[Start of Attachment]

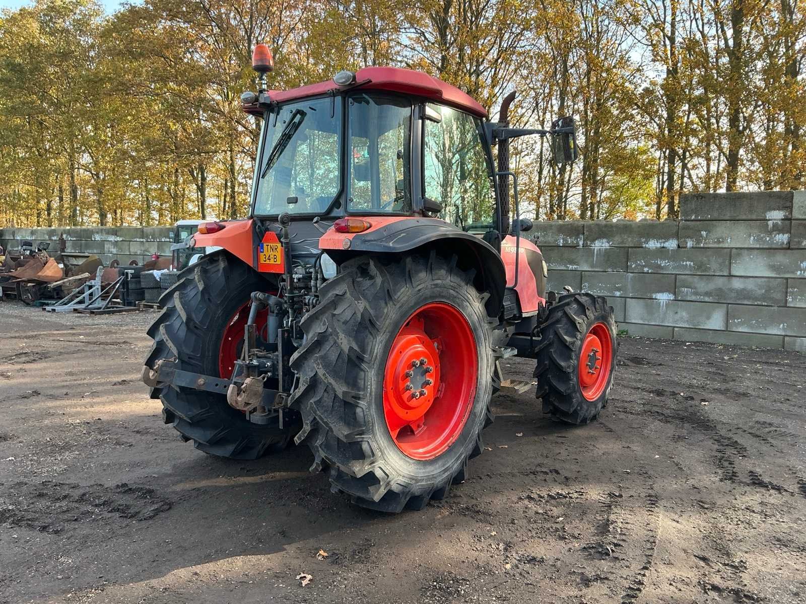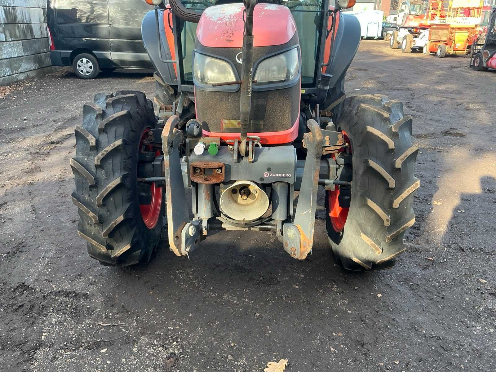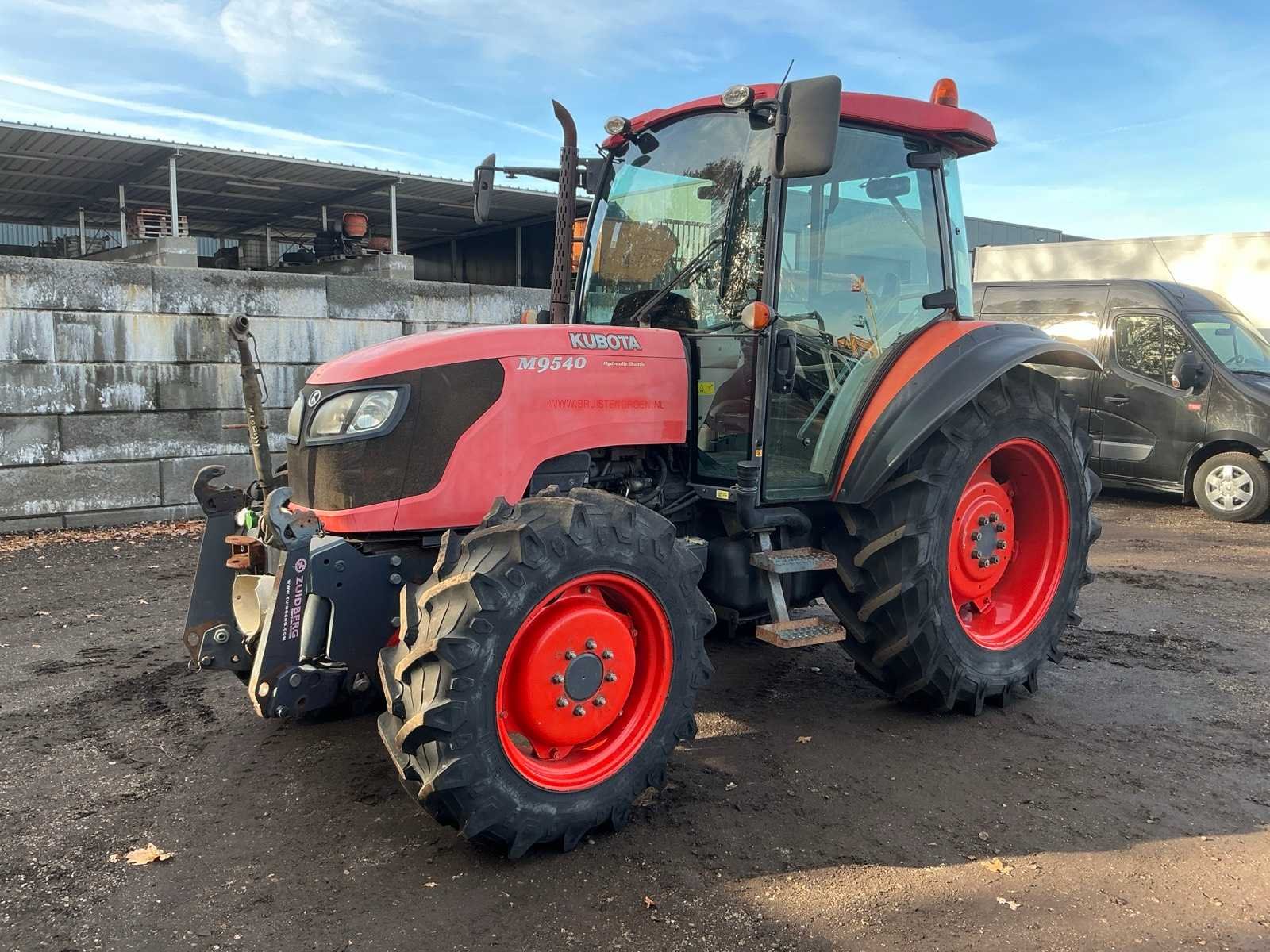 Let op; accu slecht, dient opgestart te worden, 4WD,Front hef, front aftakas, 2x EW ventiel, 7 polige stekker, stuurbekrachtiging, achter; hef, verstelbare trekhaak, 4x DW ventiel 1x EW ventiel, vrije retour, 7 polige stekker, computer stekker, radio, verwarming, airco, Merk: Kubota Type: M9540H-C Bouwjaar: 2008 Serienummer: M9540D 81207 Kenteken: TNR-34-B Motorvermogen (kW): 62kW Afgelezen urenstand: 7173 Versnellingsbaktype: Handgeschakeld Aftakastoerental: 540rpm Aantal hydraulische ventielen voor: 2 Aantal hydraulische ventielen achter: 10 Bandenmaat voor: 12.4 R24 Bandenmaat achter: 16.9 R34 Fronthefinrichting: true Frontaftakas: true Cabine: true Luchtgeveerde stoel: true Eigen gewicht: 6800kg Totale afmeting L: 4200mm Totale afmeting Breedte: 2100mm Totale afmeting Hoogte: 2850mm Datum eerste toelating: 2008-06-30 Nationaliteit documenten: Nederland
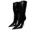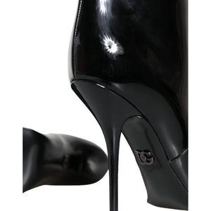 حذاء دولتشي آند غابانا من الجلد اللامع الأسود بطول منتصف الساق
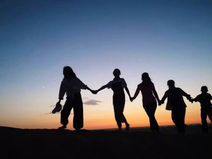 都快放弃的时候,小卉感觉脚下踩到什么东西硌脚,“手机找到啦,找到啦!”小静开心地直冲下沙坡,抱着我和小卉又蹦又跳。
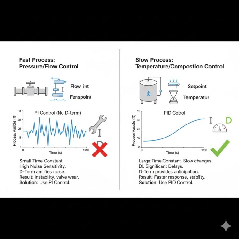 On the other hand, temperature and composition systems usually have larger time constants in both the measurement and control loops. In such systems, the anticipatory nature of derivative control proves effective, helping to improve control quality by mitigating excessive variations and speeding up the system’s response.
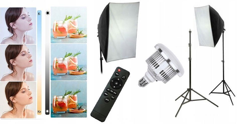 Zestaw 5w1 LAMPA LED 200W 3000-6500K + Pilot Softbox 50x70cm Statyw 230cm / LED803 Białystok
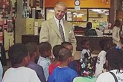 Following this, some Delaware residents met at the Krebs School in Newport to protest integration. Biden spoke to the auditorium and said his position on school busing was evolving, emphasizing that busing in Delaware was in his opinion beyond court restrictions. The crowd was unconvinced, and heckled him until he yielded the microphone.[49] This, along with the prospect of a busing plan in Wilmington, led Biden to align himself with civil rights opponent Senator Jesse Helms (R-NC) in opposing busing. Biden and anti-busing senators wanted to limit the scope of Title VI of the Civil Rights Act of 1964 with respect to the federal government's power to enforce school integration policies.[46] After 1975, Biden took a harsher line on further legislative action to limit busing.[2] That year, Helms proposed an anti-integration amendment to an education bill that would stop the Department of Health, Education, and Welfare (HEW) from collecting data about students' or teachers' races and thereby prevent it from defunding districts that refused to integrate. Biden supported this amendment, saying: "I am sure it comes as a surprise to some of my colleagues ... that a senator with a voting record such as mine stands up and supports" it.[50] He said busing was a "bankrupt idea [that violated] the cardinal rule of common sense", and that his opposition would make it easier for other liberals to follow suit.[2] But he had also supported integrationist Senator Edward Brooke's (R-MA) initiatives on housing, job opportunities and voting rights.[48] Civil rights lawyer and NAACP Legal Defense Fund director Jack Greenberg criticized Biden's support for the bill, saying it "heave[d] a brick through the window of school integration", with Biden's hand on the brick.[51]
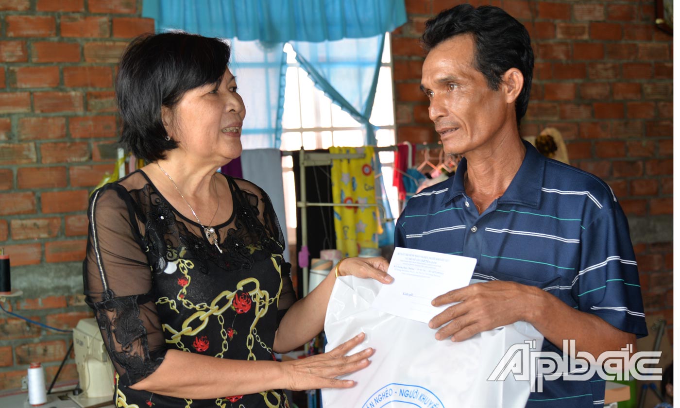 | Chủ tịch Hội Bảo trợ Võ Thị Chín trao quà cho người khuyết tật của TX. Cai Lậy. |
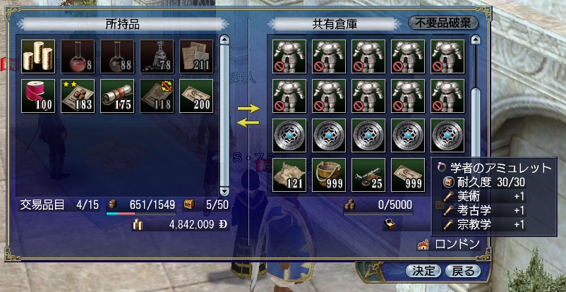 2ndキャラ、フランス出身だがイングランドに亡命する。取引スキルに圧迫されて冒険、海事スキルはほとんど持っていない。Lv条件を満たしてついに念願のフィロゾフになる。縫製、調理、工芸、鋳造カンスト、錬金術R13

[End of Attachment]

*Assignment*
Exactly as written, repeat the lines from the beginning of the entries up to and including the line with "Zestaw 5w1 LAMPA", but not the pictures.

*Problem solution*
 Let op; accu slecht, dient opgestart te worden, 4WD,Front hef, front aftakas, 2x EW ventiel, 7 polige stekker, stuurbekrachtiging, achter; hef, verstelbare trekhaak, 4x DW ventiel 1x EW ventiel, vrije retour, 7 polige stekker, computer stekker, radio, verwarming, airco, Merk: Kubota Type: M9540H-C Bouwjaar: 2008 Serienummer: M9540D 81207 Kenteken: TNR-34-B Motorvermogen (kW): 62kW Afgelezen urenstand: 7173 Versnellingsbaktype: Handgeschakeld Aftakastoerental: 540rpm Aantal hydraulische ventielen voor: 2 Aantal hydraulische ventielen achter: 10 Bandenmaat voor: 12.4 R24 Bandenmaat achter: 16.9 R34 Fronthefinrichting: true Frontaftakas: true Cabine: true Luchtgeveerde stoel: true Eigen gewicht: 6800kg Totale afmeting L: 4200mm Totale afmeting Breedte: 2100mm Totale afmeting Hoogte: 2850mm Datum eerste toelating: 2008-06-30 Nationaliteit documenten: Nederland
 حذاء دولتشي آند غابانا من الجلد اللامع الأسود بطول منتصف الساق
 都快放弃的时候,小卉感觉脚下踩到什么东西硌脚,“手机找到啦,找到啦!”小静开心地直冲下沙坡,抱着我和小卉又蹦又跳。
 On the other hand, temperature and composition systems usually have larger time constants in both the measurement and control loops. In such systems, the anticipatory nature of derivative control proves effective, helping to improve control quality by mitigating excessive variations and speeding up the system’s response.
 Zestaw 5w1 LAMPA LED 200W 3000-6500K + Pilot Softbox 50x70cm Statyw 230cm / LED803 Białystok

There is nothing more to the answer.